Same old saying: KISS!

I was browsing across the ‘new’ Twitter layout features (oh, by the way: did you know that T’s creative director, Doug Bowman, worked for Google? Here is his gentle but tough goodbye message to Big G), when I came across this:

Simplicity meets serendipity

[link here]

Given the title of this blog, you would admit my curiosity on the subject… It was then that I remembered the video of an interview with Jack Dorsey (creator and executive chairman of Twitter) about the existence of a business model founded on serendipity. How would I define it? Well, in a few words online serendipity is a phenomenon where users encounter something they like that they were not expecting (read my previous blog post on the same subject).

As Dorsey himself admits, Google AdWords has been the first application of this groundbreaking online marketing model. As with fashion magazines, where ads are so well integrated with the content to be not only pleasant but also useful to the consumer, AdWords has made online advertising reputable and even desirable.
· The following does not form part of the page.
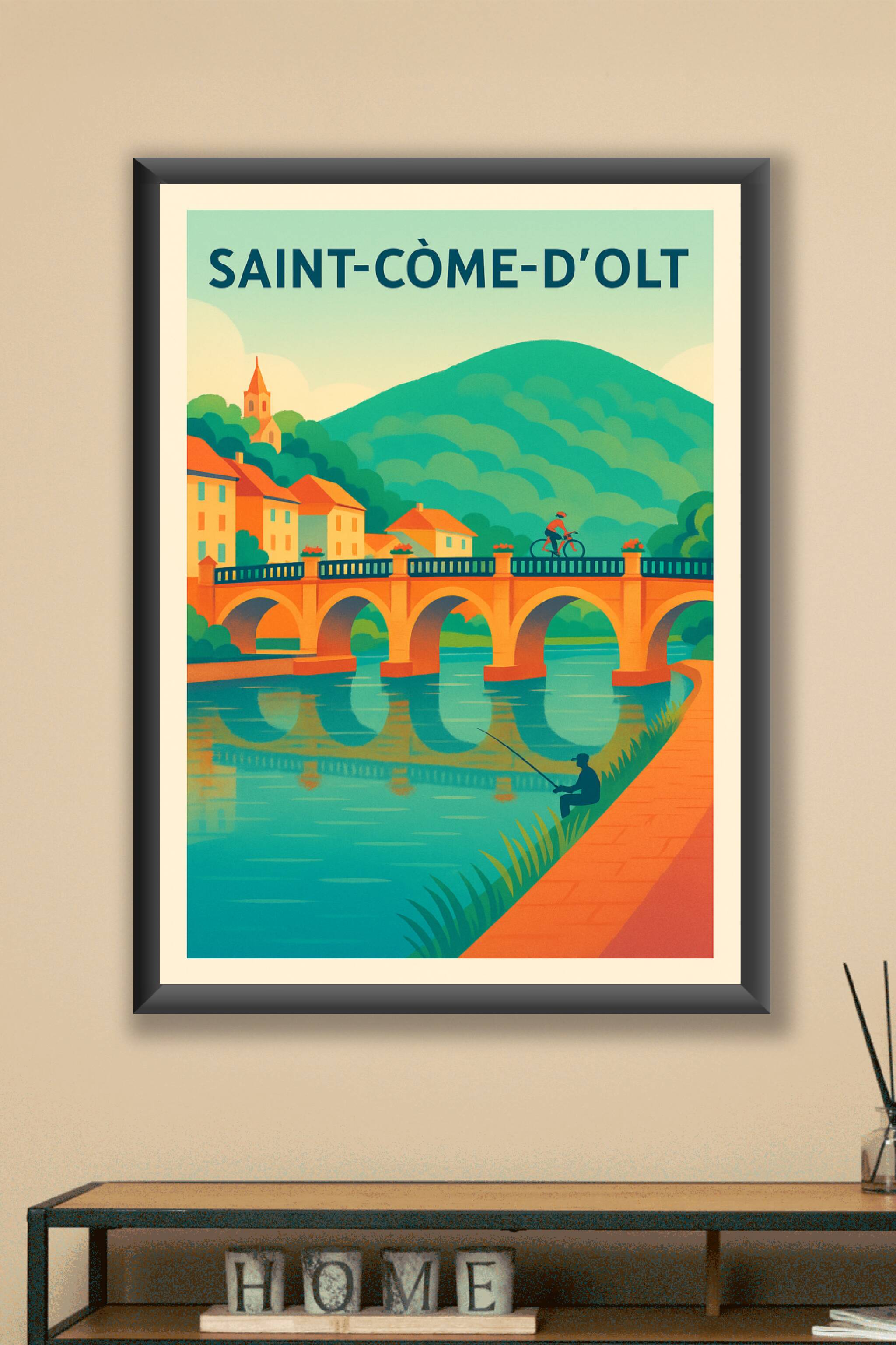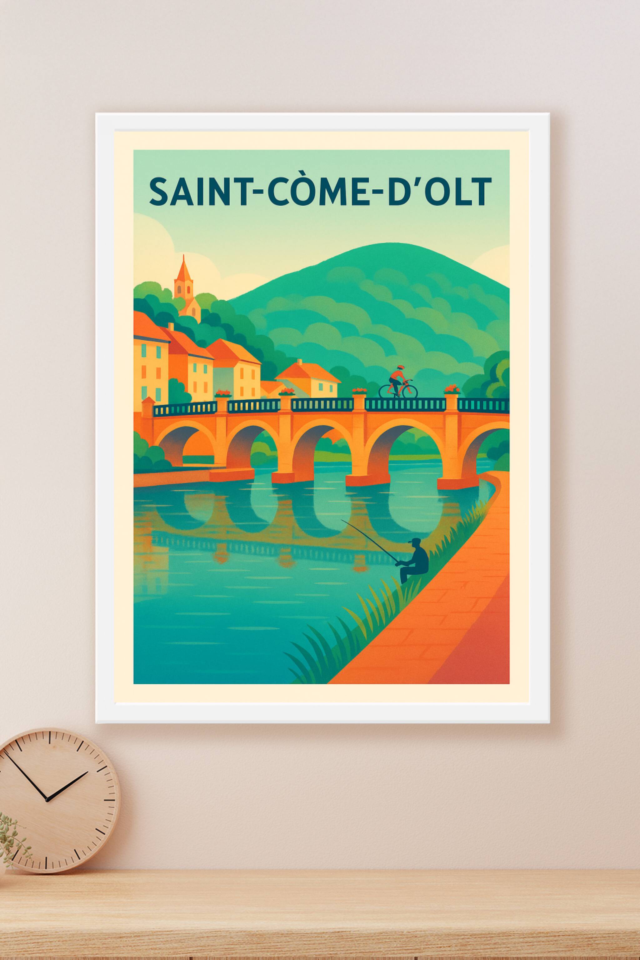 Découvrez le charme paisible de Saint-Côme-d'Olt à travers cette affiche illustrée mettant en scène son pont emblématique et ses paysages verdoyant...

In the same way that people believe that Google ads make the search experience better, Dorsey says that Twitter’s ad products – promoted trends, promoted accounts, and promoted Tweets – get engagement rates between 1 percent and 5 percent. And this is done, in fact, in an unconventional sense:

I don’t necessarily think of it as advertising in the traditional sense. It’s, how do we introduce you to something new? How do we introduce you to something that would otherwise be difficult for you to find, but something that you probably have a deep interest in discovering? It’s really just another algorithm, or it’s just more curation, but it’s something that you would find delight in anyway. [..] The user experience is what matters. If the user experience is bad, then we fail.

Now the key question is: How do you engineer a system that, while not literally random, produces the feeling of serenidipitous discovery, meaning emerging from what seems like meaninglessness? AdWords also works because it’s a natural part of the system. You perform a search in order to get results — some of those results come in the form of advertising.